- Born: 1907
- Died: November 10, 1982 (aged 74–75)
- Known for: Potter
- Movement: Revival of the Mimbres, Tularosa, and Anasazi cultures' pottery forms; matriarch of the Chino family of potters
- Spouse: Lorenzo Chino
- Awards: Lifetime Achievement Award, Southwestern Association for Indian Arts, 1998

= Marie Z. Chino =

American artist

Marie Zieu Chino (1907 – November 10, 1982) was a Native American potter from Acoma Pueblo, New Mexico. Marie and her friends Lucy M. Lewis and Jessie Garcia are recognized as the three most important Acoma potters during the 1950s. Along with Juana Leno, they have been called "The Four Matriarchs" who "revived the ancient style of Acoma pottery." The inspiration for many designs used on their pottery were found on old potsherds gathered to use for temper. Together they led the revival of ancient pottery forms including the Mimbres, Tularosa and other various cultures in the Anasazi region. This revival spread to other potters who also accepted the old styles, which led to new innovative designs and variations of style and form.

== Career ==
In 1922, Marie won her first award at the Santa Fe Indian Market at the age of fifteen. She went on to receive numerous awards for her pottery from 1970 to 1982. In 1998 the Southwestern Association for Indian Arts recognized Marie with a "Lifetime Achievement Award."

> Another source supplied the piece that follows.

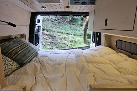 We wanted to have enough battery to run everything we needed, so we installed a complete Victron electrical system with a 5400 A/H LIfePO4 battery, 400 watts of solar panels, a 30A shore power charging system, and twin DC-DC 50A chargers while you are driving. Our 3KW pure sine inverter means that you can have 120V electricity as well. There are plenty of 120V and 12V outlets and, of course, conveniently placed USB and USB-C ports.

Marie became particularly well known for her fine-line black-on-white pottery and vases with the step design. Her pots were distinctive in their complex geometric designs as well as the combination of life forms and abstract symbols. Some of her favorite designs include: Mimbres animals, Tularosa swirls, Acoma parrots, rainbows, bushes with berries, leaves, rain, clouds, lightning and fine-line snowflakes.

Marie was the matriarch of the Chino family of potters. She helped her children and grandchildren learn the fine art of pottery making and had many students. Marie had five daughters who were potters, "of whom Grace, Carrie and Rose achieved reputations as excellent potters." Pottery by her daughter Vera Chino is held by the Holmes Museum of Anthropology.

When Marie traveled to the Indian art shows or the Indian Market in Santa Fe, she often took her family with her. There they met people from around the world who loved to collect their pottery. This instilled a sense of pride and unity throughout the Chino family. Marie's descendants have carried on the tradition of making fine Acoma pottery.

== Collections ==
Marie's work is held by the Albuquerque Museum, Holmes Museum of Anthropology, the Spurlock Museum, the National Museum of the American Indian and the National Museum of Women in the Arts in Washington, D.C. In 2022, Chino's earthenware bowl was featured in the exhibit "Connections: Contemporary Craft at the Renwick Gallery.

== Awards ==
1979 Indian Arts and Crafts Exhibit. Heard Museum. Phoenix, AZ. Class VII - Pottery, Div. A - Traditional. Award Winner. 1979 (1979).

1976 Heard Museum Guild Indian Arts and Crafts Exhibit: Best of New Mexico Pueblo Pottery. Awarded for artwork: Seed pot. Heard Museum. Phoenix, Arizona. November 25, 1976.

1976 Heard Museum Guild Indian Arts and Crafts Exhibit, Classification X - Pottery, Division A - Traditional shapes and designs: First Place. Awarded for artwork: Seed pot. Heard Museum. Phoenix, Arizona. November 25, 1976.

1970 Ninth Scottsdale National Indian Arts Exhibition. Executive House. Scottsdale, AZ. Section B - Crafts, Class. VIII - Pottery, Div. A - Traditional, Section 2 - New Mexico, First Place. 1970 (02/28/1970).

1968 Invitational Exhibit of Indian Arts and Crafts - Pottery: First. Awarded first with a clay pottery design of a canteen. Center for Arts of Indian America. Washington, D.C. November 17, 1968 - December 13, 1968. Note: fourth invitational and held at the Gallery of the Department of the Interior.

1968 Seventh Scottsdale National Indian Arts Exhibition. Executive House. Scottsdale, AZ. Section B - Crafts, Class. IX - Pottery, Div. A - Traditional, Section 2, New Mexico, Honorable Mention. 1968 (03/1968).